■ **Problem description**:
Reproduce only what runs from the line containing "Mousepad com uma" to the line containing "(一)从小学便进入正源的谭凯" in the records below, inclusive. Keep it exact, and keep the pictures out.

-------------------------

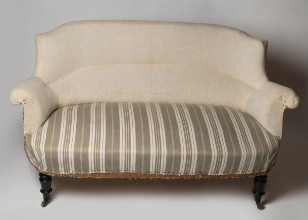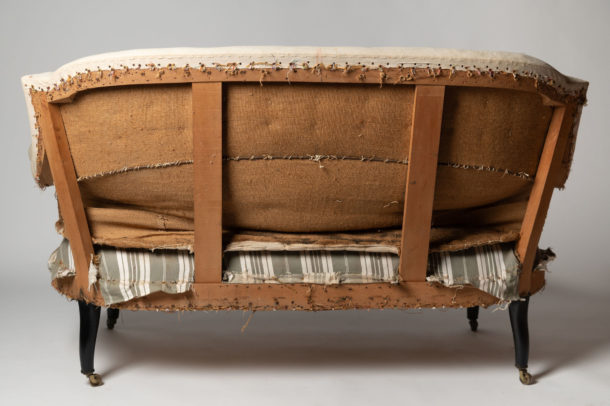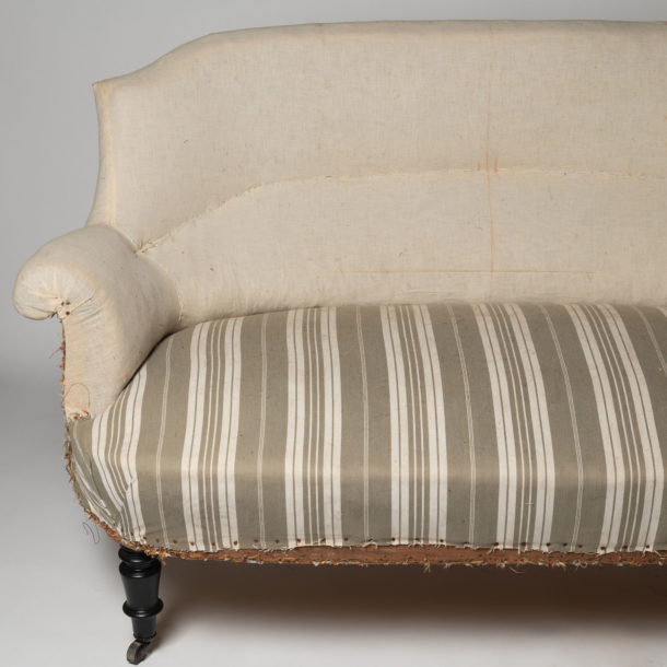 Antique French Napoleon III arch top sofa, a nice deep seat. Seat depth 23 inches.
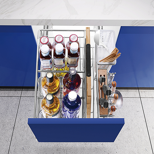 市面上出现的各种橱柜拉篮,并不是每一款都适合自家的厨房,更具家居橱柜的不同造型,选择不同类型和品牌的橱柜拉篮。橱柜拉篮最大的好处在于当柜子的抽屉拉开时,会不尽感叹收纳的极致。尽管物品多而杂,但每样都一层一层地展现在眼前,清新而干净。
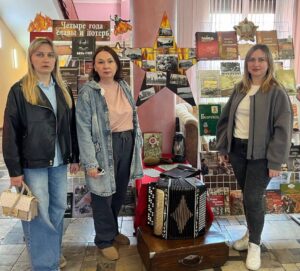 17 апреля в рамках проведения областного методического семинара «Актуальные вопросы организации киновидеообслуживания населения в регионе» и премьерного показа документальной кинодилогии режиссера Александра Анисимова о геноциде белорусского народа «Лагеря смерти» учреждение культуры «Централизованная библиотечная система г. Бобруйска» представила вниманию гостей библиотечную экспозицию «Четыре года славы и потерь». На библиотечной экспозиции размещались книги и наглядные материалы, раскрывающие основные этапы истории Великой Отечественной войны, все тяготы и трудности военного времени, материалы о героическом подвиге нашего народа. Также можно было увидеть серию книг о геноциде белорусского народа в концлагерях, о сожженных деревнях.
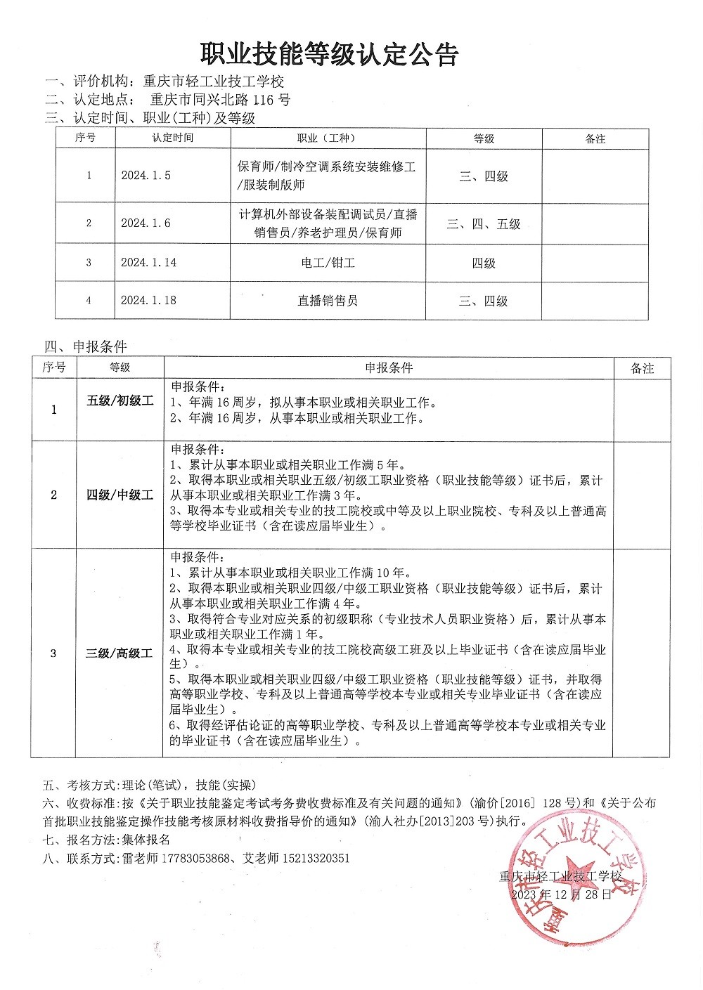 职业技能等级认定公告
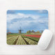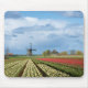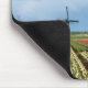 Mousepad com uma paisagem com um moinho de vento e umas tulipas amarelas e vermelhas sob um céu nebuloso no campo holandês em um dia bonito da primavera na região do bulbo, os Países Baixos.
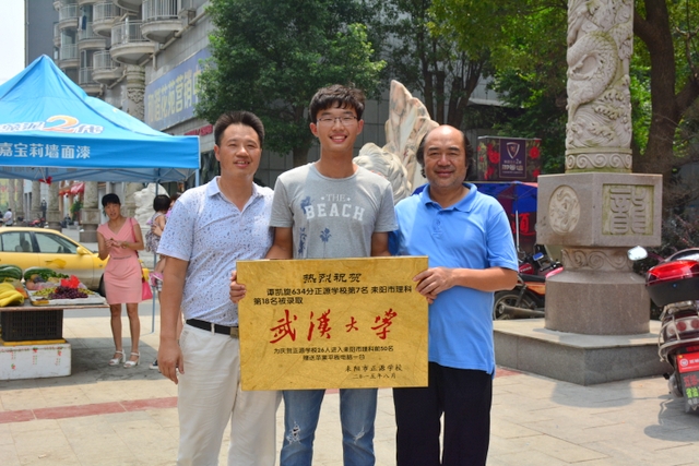 (一)从小学便进入正源的谭凯旋今年高考以634排名耒阳市理科第18名williamhill威廉希尔亚洲官网第7名的成绩被武汉大学录取。谭凯旋的父亲是正源老师,母亲也在正源工作,孩子很争气,也很努力,在学习上以及言谈举止都比较出色。
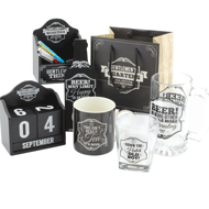 The range consists of quality items in the form of social stationery and housewares - pint glass, short tumbler, bottle opener ie a Topper bottle shape, as well as personal items - manicure, show clean, memo pad and pen, gift bag, note book, organiser, storage box, coasters, travel mug, hip flask and the essential phone holder.
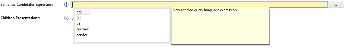 "prefix[someExpression/]suffix"). Instead, you can use Acceleo’s string manipulation operations to obtain the same result: ['prefix' + someExpression + 'suffix'/]). Related to this, auto-completion only works if you are inside a well-formed bracket (i.e. [<cursor>/]); if you have simply opened the bracket but not closed it (i.e. [<cursor>), completion will not be available.
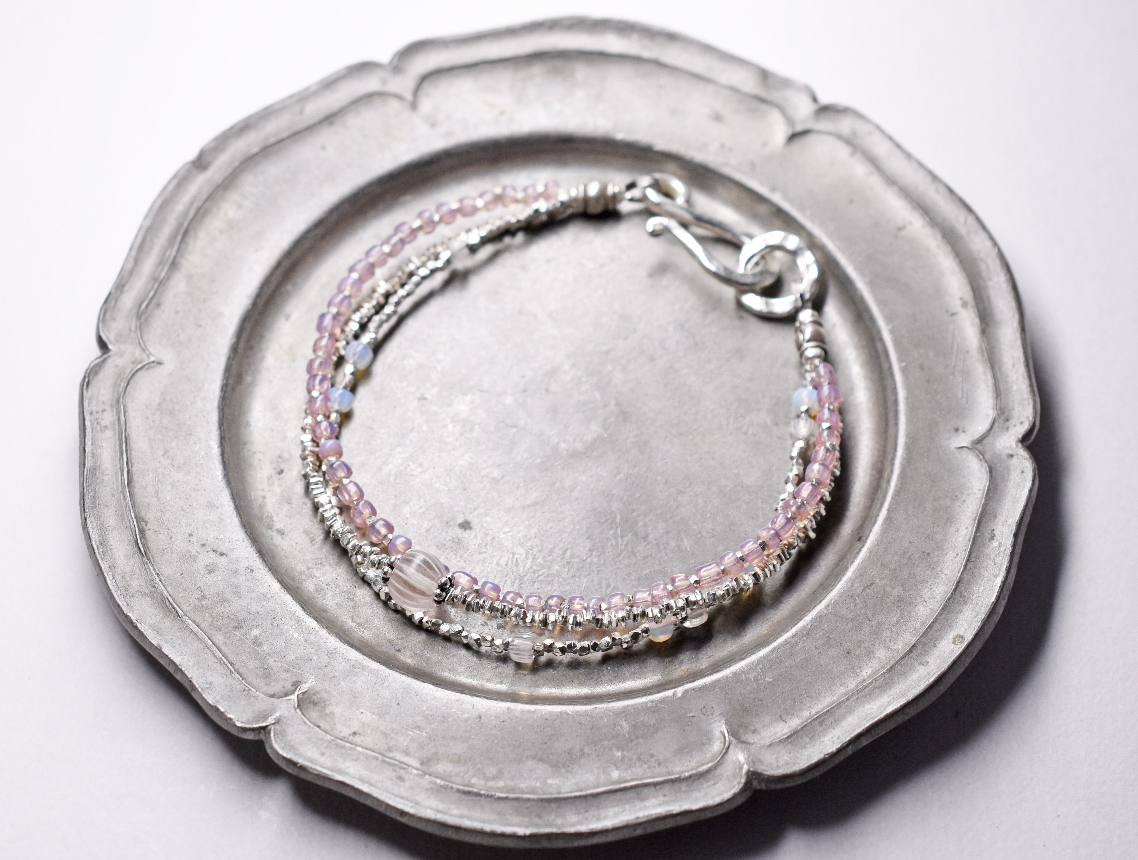 オパールピンクのアンティークビーズと、カレンシルバービーズ、グーズベリーを繋げた3連のブレスです。
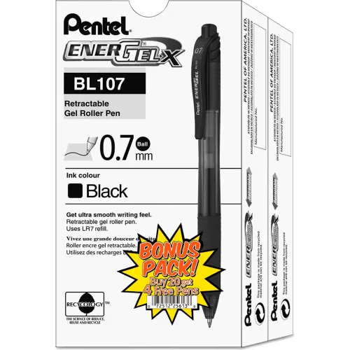 Pentel® EnerGel-X Retractable Gel Pen, 0.7mm Metal Tip, Black Ink/Barrel, 24/Pack

-------------------------

■ **Expected answer**:
 Mousepad com uma paisagem com um moinho de vento e umas tulipas amarelas e vermelhas sob um céu nebuloso no campo holandês em um dia bonito da primavera na região do bulbo, os Países Baixos.
 (一)从小学便进入正源的谭凯旋今年高考以634排名耒阳市理科第18名williamhill威廉希尔亚洲官网第7名的成绩被武汉大学录取。谭凯旋的父亲是正源老师,母亲也在正源工作,孩子很争气,也很努力,在学习上以及言谈举止都比较出色。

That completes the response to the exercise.